Data records below:
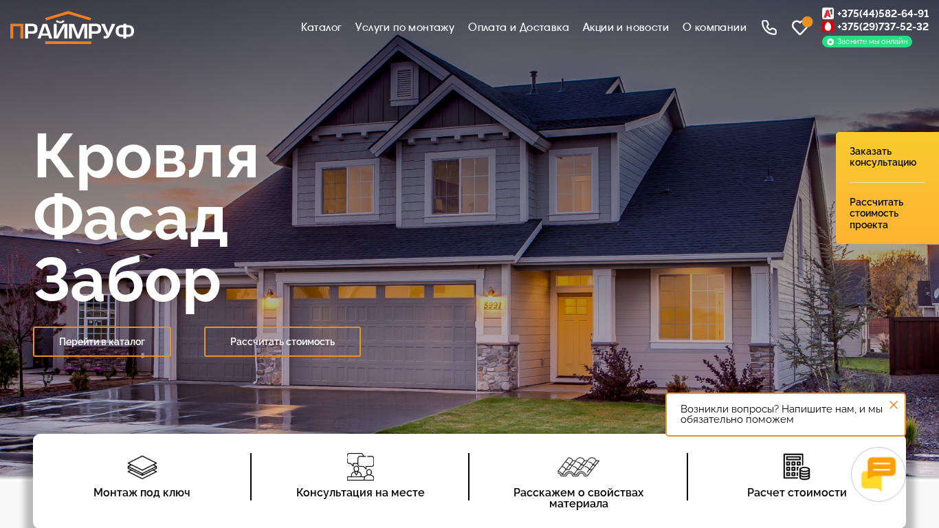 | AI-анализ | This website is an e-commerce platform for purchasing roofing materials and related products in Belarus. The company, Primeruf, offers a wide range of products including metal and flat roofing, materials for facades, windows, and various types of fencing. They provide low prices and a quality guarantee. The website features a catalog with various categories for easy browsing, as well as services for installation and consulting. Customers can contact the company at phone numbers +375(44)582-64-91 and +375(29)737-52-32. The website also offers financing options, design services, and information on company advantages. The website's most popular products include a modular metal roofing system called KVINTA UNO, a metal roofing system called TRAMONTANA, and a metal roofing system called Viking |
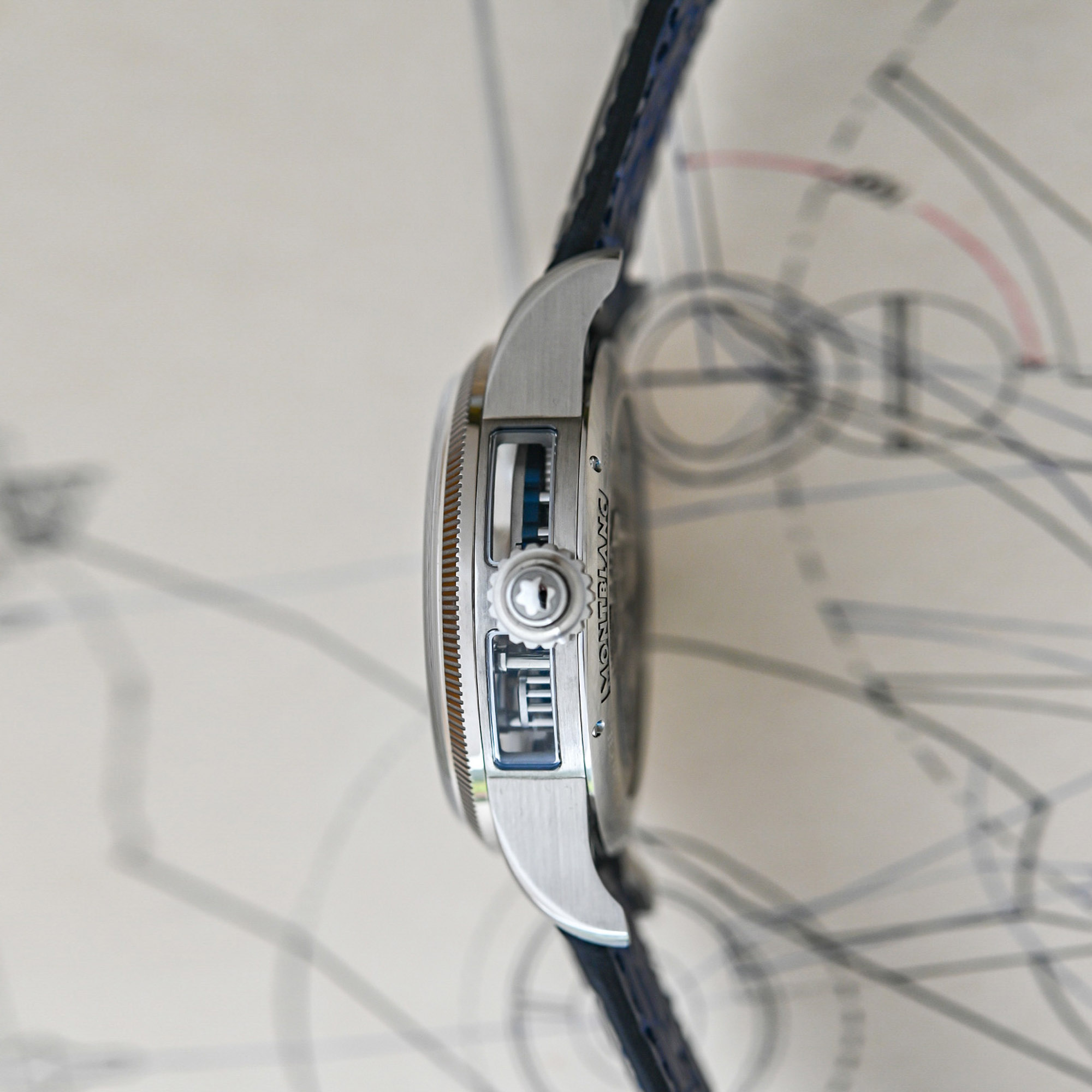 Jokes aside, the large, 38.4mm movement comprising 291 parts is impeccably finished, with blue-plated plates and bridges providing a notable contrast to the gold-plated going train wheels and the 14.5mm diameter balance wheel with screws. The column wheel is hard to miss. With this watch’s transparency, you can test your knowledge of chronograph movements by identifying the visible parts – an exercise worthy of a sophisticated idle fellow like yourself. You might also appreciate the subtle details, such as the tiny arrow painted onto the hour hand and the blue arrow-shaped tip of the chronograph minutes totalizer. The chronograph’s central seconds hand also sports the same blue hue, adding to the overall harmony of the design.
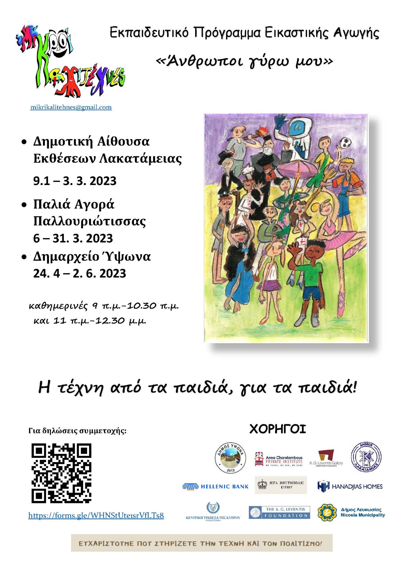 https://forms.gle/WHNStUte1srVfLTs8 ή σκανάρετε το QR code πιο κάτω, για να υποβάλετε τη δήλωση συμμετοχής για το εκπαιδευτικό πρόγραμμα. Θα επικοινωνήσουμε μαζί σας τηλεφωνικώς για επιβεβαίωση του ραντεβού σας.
End of Data records.
Data records below:
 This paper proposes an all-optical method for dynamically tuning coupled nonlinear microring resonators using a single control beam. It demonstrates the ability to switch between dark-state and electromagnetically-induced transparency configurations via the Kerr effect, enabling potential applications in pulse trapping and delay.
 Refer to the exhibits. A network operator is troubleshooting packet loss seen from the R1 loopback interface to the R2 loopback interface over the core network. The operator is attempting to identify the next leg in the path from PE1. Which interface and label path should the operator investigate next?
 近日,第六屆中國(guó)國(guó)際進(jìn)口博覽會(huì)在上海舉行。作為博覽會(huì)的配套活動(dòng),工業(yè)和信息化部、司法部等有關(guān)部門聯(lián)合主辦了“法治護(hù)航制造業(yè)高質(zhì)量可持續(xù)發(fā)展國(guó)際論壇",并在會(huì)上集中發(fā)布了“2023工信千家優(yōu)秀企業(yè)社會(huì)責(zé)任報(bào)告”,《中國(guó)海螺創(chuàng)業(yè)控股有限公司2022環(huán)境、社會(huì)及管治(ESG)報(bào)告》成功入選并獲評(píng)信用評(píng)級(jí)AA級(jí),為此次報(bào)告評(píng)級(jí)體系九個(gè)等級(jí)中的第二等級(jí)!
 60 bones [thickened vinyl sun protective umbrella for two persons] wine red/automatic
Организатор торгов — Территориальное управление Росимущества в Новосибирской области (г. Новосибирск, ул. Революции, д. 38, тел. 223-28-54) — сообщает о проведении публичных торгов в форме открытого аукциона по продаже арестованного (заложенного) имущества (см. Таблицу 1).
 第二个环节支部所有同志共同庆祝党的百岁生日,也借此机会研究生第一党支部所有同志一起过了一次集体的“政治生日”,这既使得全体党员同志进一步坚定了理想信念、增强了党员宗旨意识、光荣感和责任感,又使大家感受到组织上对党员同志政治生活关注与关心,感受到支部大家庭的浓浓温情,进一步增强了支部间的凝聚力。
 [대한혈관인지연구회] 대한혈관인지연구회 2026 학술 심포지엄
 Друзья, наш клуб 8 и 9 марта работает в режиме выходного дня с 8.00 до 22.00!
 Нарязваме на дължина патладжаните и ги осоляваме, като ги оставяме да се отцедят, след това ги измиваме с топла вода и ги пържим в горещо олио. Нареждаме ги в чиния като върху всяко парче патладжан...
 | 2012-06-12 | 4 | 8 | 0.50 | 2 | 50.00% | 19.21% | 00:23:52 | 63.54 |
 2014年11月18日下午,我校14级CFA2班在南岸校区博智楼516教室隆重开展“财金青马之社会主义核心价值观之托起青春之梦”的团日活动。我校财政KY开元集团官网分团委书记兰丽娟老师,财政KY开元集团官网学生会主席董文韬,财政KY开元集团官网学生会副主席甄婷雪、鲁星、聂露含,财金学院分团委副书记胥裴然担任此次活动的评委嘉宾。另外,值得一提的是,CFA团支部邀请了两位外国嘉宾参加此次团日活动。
End of Data records.
*What is expected*.
Starting at the line that contains "This paper proposes" and stopping after the line that contains "[대한혈관인지연구회] 대한혈관인지연구회 2026 학술 심포지엄", write out every line exactly as it appears above, and no other line.

*Your solution*.
 This paper proposes an all-optical method for dynamically tuning coupled nonlinear microring resonators using a single control beam. It demonstrates the ability to switch between dark-state and electromagnetically-induced transparency configurations via the Kerr effect, enabling potential applications in pulse trapping and delay.
 Refer to the exhibits. A network operator is troubleshooting packet loss seen from the R1 loopback interface to the R2 loopback interface over the core network. The operator is attempting to identify the next leg in the path from PE1. Which interface and label path should the operator investigate next?
 近日,第六屆中國(guó)國(guó)際進(jìn)口博覽會(huì)在上海舉行。作為博覽會(huì)的配套活動(dòng),工業(yè)和信息化部、司法部等有關(guān)部門聯(lián)合主辦了“法治護(hù)航制造業(yè)高質(zhì)量可持續(xù)發(fā)展國(guó)際論壇",并在會(huì)上集中發(fā)布了“2023工信千家優(yōu)秀企業(yè)社會(huì)責(zé)任報(bào)告”,《中國(guó)海螺創(chuàng)業(yè)控股有限公司2022環(huán)境、社會(huì)及管治(ESG)報(bào)告》成功入選并獲評(píng)信用評(píng)級(jí)AA級(jí),為此次報(bào)告評(píng)級(jí)體系九個(gè)等級(jí)中的第二等級(jí)!
 60 bones [thickened vinyl sun protective umbrella for two persons] wine red/automatic
Организатор торгов — Территориальное управление Росимущества в Новосибирской области (г. Новосибирск, ул. Революции, д. 38, тел. 223-28-54) — сообщает о проведении публичных торгов в форме открытого аукциона по продаже арестованного (заложенного) имущества (см. Таблицу 1).
 第二个环节支部所有同志共同庆祝党的百岁生日,也借此机会研究生第一党支部所有同志一起过了一次集体的“政治生日”,这既使得全体党员同志进一步坚定了理想信念、增强了党员宗旨意识、光荣感和责任感,又使大家感受到组织上对党员同志政治生活关注与关心,感受到支部大家庭的浓浓温情,进一步增强了支部间的凝聚力。
 [대한혈관인지연구회] 대한혈관인지연구회 2026 학술 심포지엄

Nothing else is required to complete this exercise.